Input data »
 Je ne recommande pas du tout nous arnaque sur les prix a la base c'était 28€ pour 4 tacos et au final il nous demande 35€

* * *

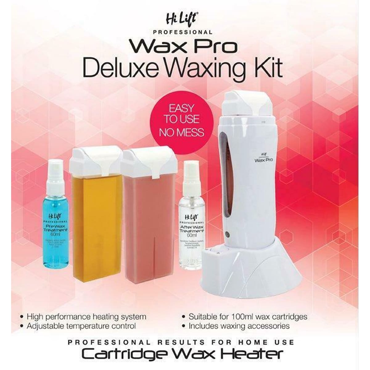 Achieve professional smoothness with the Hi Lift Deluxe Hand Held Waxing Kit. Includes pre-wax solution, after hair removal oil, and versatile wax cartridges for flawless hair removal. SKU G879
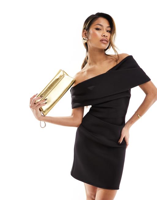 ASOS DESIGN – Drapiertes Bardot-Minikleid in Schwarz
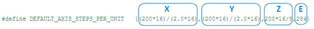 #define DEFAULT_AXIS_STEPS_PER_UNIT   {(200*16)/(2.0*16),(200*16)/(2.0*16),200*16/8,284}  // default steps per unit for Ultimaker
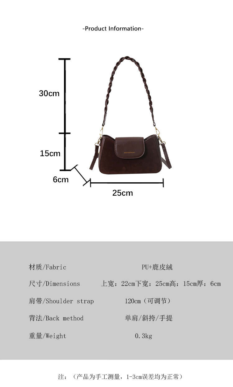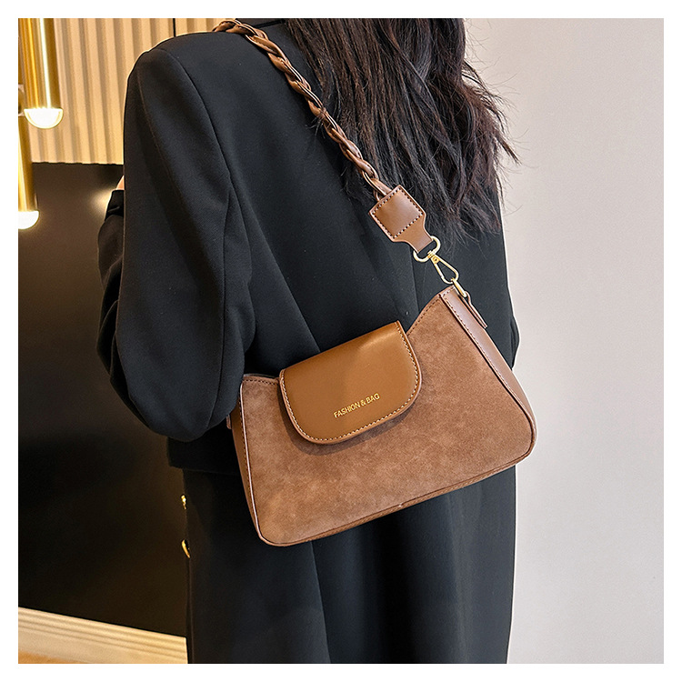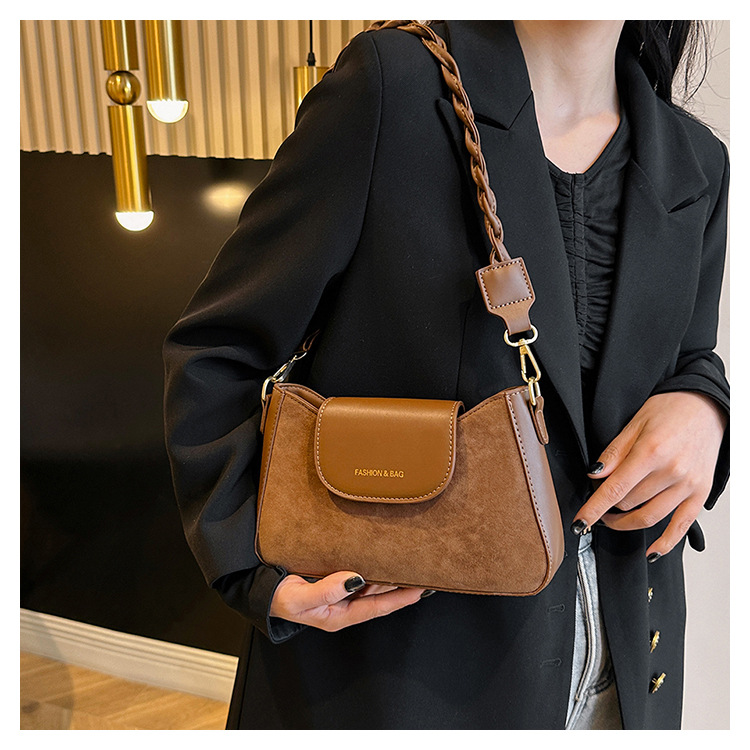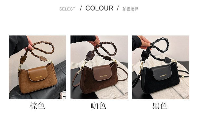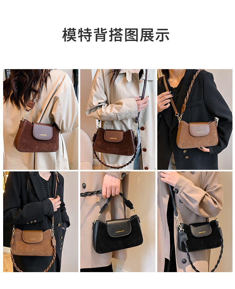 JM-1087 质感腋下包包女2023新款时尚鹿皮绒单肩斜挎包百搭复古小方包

Your assignment » From the line with "unit for Ultimaker" up to and including the line with "JM-1087 质感腋下包包女2023新款时尚鹿皮绒单肩斜挎包百搭复古小方包" above, retype every line exactly and nothing more; leave out the pictures.

Response »
 #define DEFAULT_AXIS_STEPS_PER_UNIT   {(200*16)/(2.0*16),(200*16)/(2.0*16),200*16/8,284}  // default steps per unit for Ultimaker
 JM-1087 质感腋下包包女2023新款时尚鹿皮绒单肩斜挎包百搭复古小方包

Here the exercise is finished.